1. Field
The present invention relates generally to the distributed storage of data over various nodes in a network.
2. Description of the Related Art
A central problem in storage is how to store data redundantly, so that even if a particular piece of storage fails, the data will be recoverable from other sources. One scheme is to simply store multiple copies of everything. While that works, it requires considerably more storage for a particular level of reliability (or, contrapositively, it provides considerably less reliability for a particular amount of storage).
To achieve better reliability, erasure codes can be used. An erasure code takes an original piece of data and generates what are called “shares” from it. Shares are designed so that as long as there are enough shares that their combined size is the same as the size of the original data, the original data can be reconstructed from them. In what is referred to as a k-of-n erasure coding scheme, n shares are generated and any k of them can be used to reconstruct the original data. Each share is of size 1/k times the size of the original data so that the shares contain enough information for reconstruction. The n may be highly variable. Storing more shares will result in greater reliability, but the number of shares can scale from k to essentially infinity. The trivial scheme of simply storing multiple copies of the original data can be thought of as a 1-of-n scheme for n copies, and the highly unreliable but also simple scheme of chopping the original data into pieces and storing them all separately can be though of as a k-of-k scheme for k pieces.

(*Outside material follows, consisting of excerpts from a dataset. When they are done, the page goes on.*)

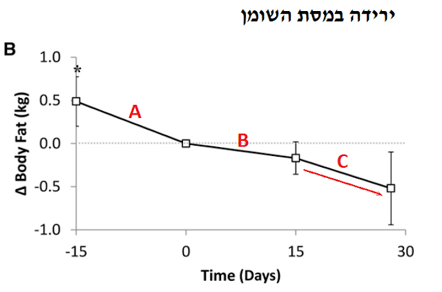 B - השבועיים הראשונים לתזונה הקטוגנית. בשלב הזה ישנה האטה בקצב ירידת מסת השומנים, למרות הירידה המהירה במשקל הכללי שראינו בגרף הקודם. החוקרים כמובן ציפו לירידה חדה יותר.
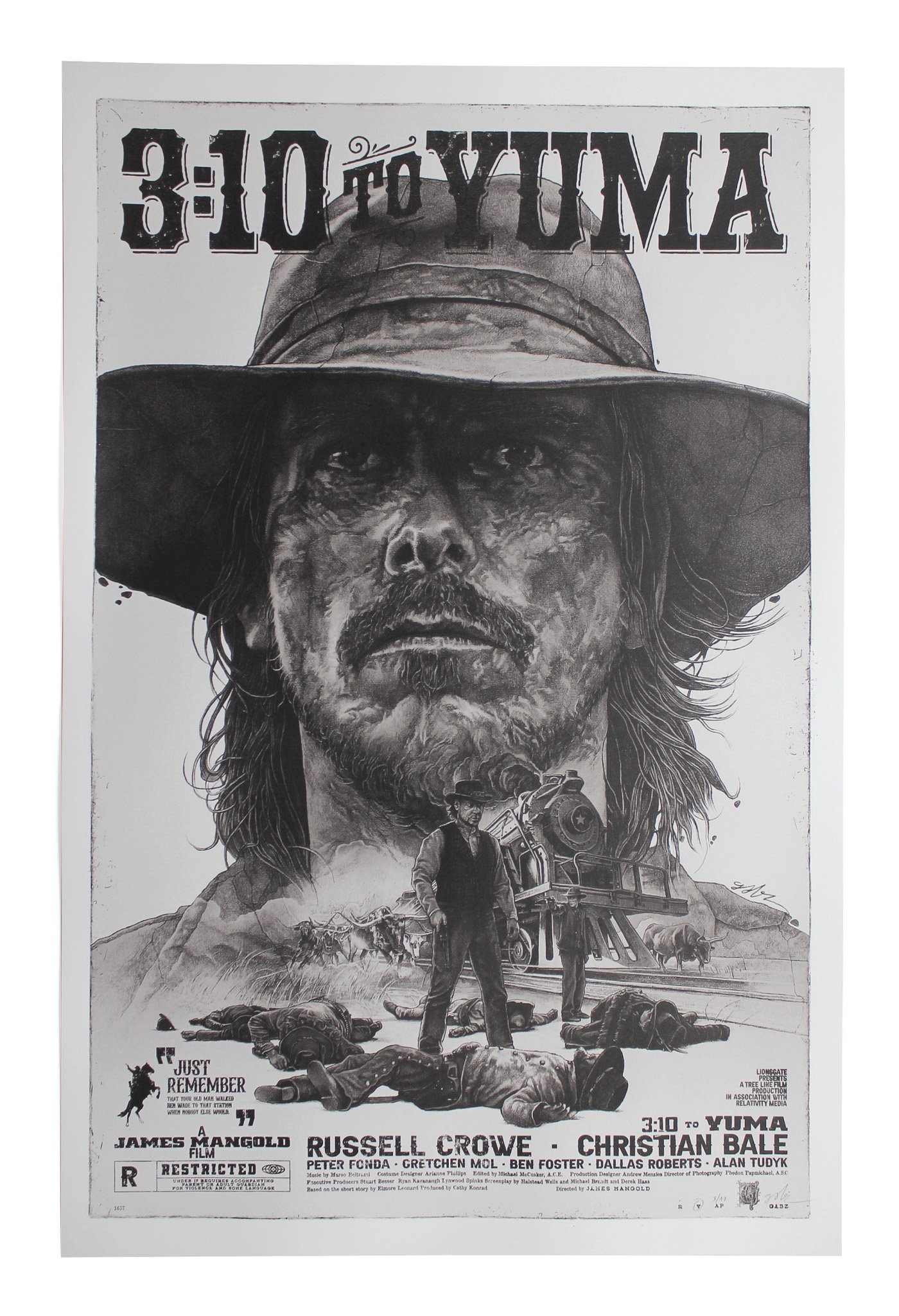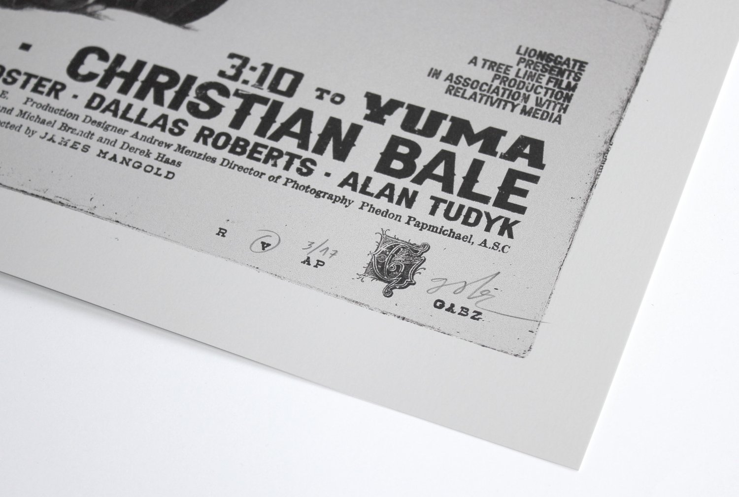 Screenprinted poster inspired by James Mangold’s „3:10 to Yuma”. 24 x 36” 5 color Regular and Variant versions originally hand drawn with pencils and mechanical pencils on paper. Later digitally remastered in Photoshop. Typography made together with my brother Krzysztof Domaradzki. Printed by Atelier Du Grand Chic with color separations by Juan Saniose. Each print comes signed and numbered.
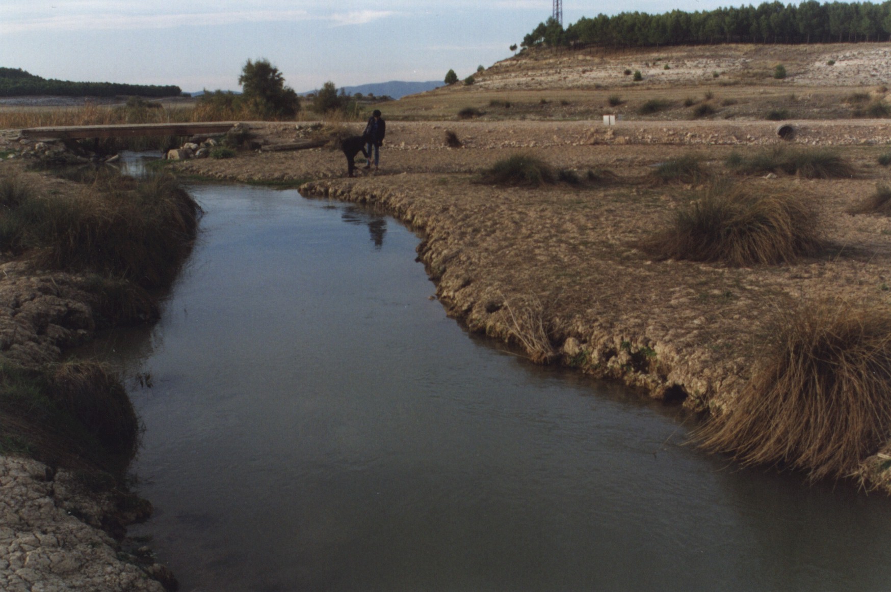 Río Mayor a la altura de la zona inundable de la cola del Embalse de Buendía. Al fondo: puentecillo de las Cañas y pinares del coto de caza de ICONA (1998).
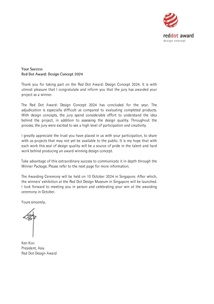 红点设计概念奖(Red Dot Award: Design Concept)是国际设计界公认的重要奖项,自2005年设立以来,致力于发现并表彰新的设计概念和创新成果,为未来优质产品的诞生奠定基础。时至今日,该设计奖已成为专业水平高、含金量足、用以评估及表彰优秀设计作品的最重要的国际平台之一。
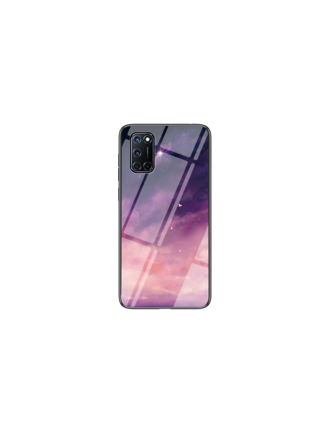 Cover antiurto per Oppo A52 con design Cielo Stellato. Protezione totale con vetro temperato e TPU.
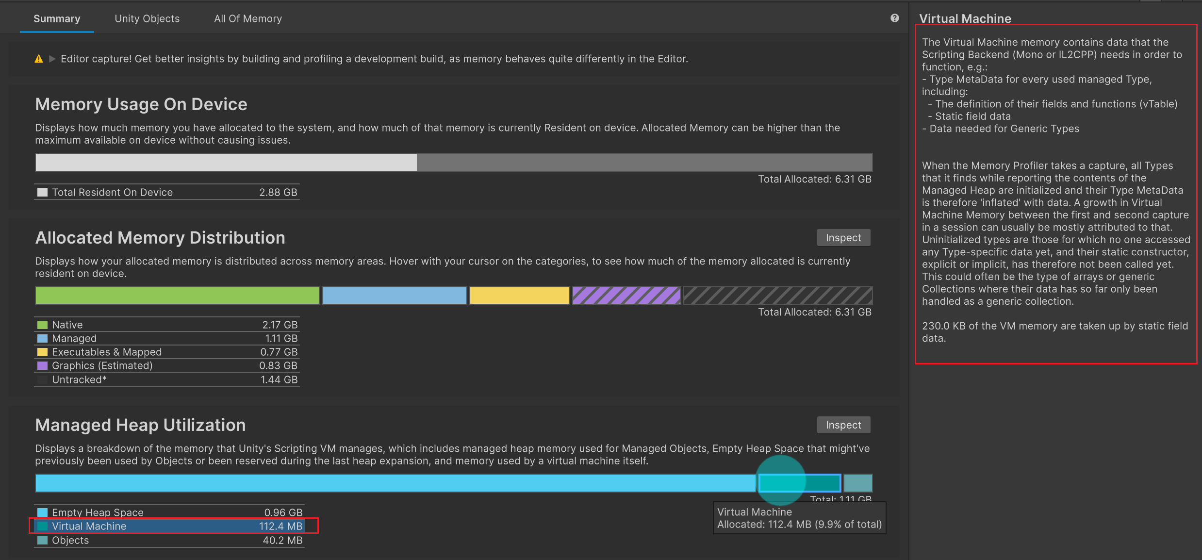 - 展示当前快照中,Unity 在设备上实际占用了多少内存
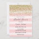 Invitation de douche nuptiale avec parties scintillant faux or et arrière - plan d'aquarelle à rayures roses.

The technique of erasure coding first breaks up the original data into k pieces, then treats those pieces as vectors in a Galois field (GF) and generates shares by multiplying the pieces by random coefficients and adding them together. Erasure coding can also be performed by treating the pieces as vectors modulo a prime number. For simplicity, the erasure coding described below uses Galois fields. A share then comprises the result of that computation along with the random coefficients. The randomness of the coefficients causes there to be some chance of the original data being non-recoverable, essentially equal to the reciprocal of the number of elements of the Galois field being used. For storage purposes, a Galois field of size 232 or 264 (corresponding to treating sections of 4 and 8 bytes respectively as individual units) is a reasonable tradeoff between computational overhead and likelihood of data being non-recoverable by chance, being extremely unlikely with 232 and essentially impossible with 264.
The above technique faces limitations when used for distributed storage over the Internet. For Internet storage, the scarce resource is bandwidth, and the storage capacity of the end nodes is essentially infinite (or at least cheap enough to not be a limiting factor), resulting in a situation where the limiting factor on any storage is the amount of bandwidth to send it. For initial storage, this results in a very similar model to one where the limiting factor is storage capacity; there is a one-to-one replacement of bandwidth for storage. But after initial storage, significant bandwidth resources can be consumed for replacing failed storage media (and all storage media eventually fails). Typically when redundant storage is being done locally, e.g., in a local area network, a full recovery of the original data for the shares held by failed media is performed and stored transiently, then new shares are created and stored on another piece of media, and the transient complete copy is then thrown away. To do the same thing across the Internet would require retrieving k shares from the various remaining storage media, reconstructing the original data, generating a new k shares, and sending the shares to the storage media (including the replacement storage media). This requires 2 k times the size of the share being used in bandwidth over the Internet, which becomes rapidly unacceptable as k gets large.
Simply storing multiple copies of the data does a better job of avoiding usage of bandwidth, but has much worse reliability properties and has wastage of its own on the scale of n, since as more copies of something need to be held, more bandwidth gets used as those copies go bad.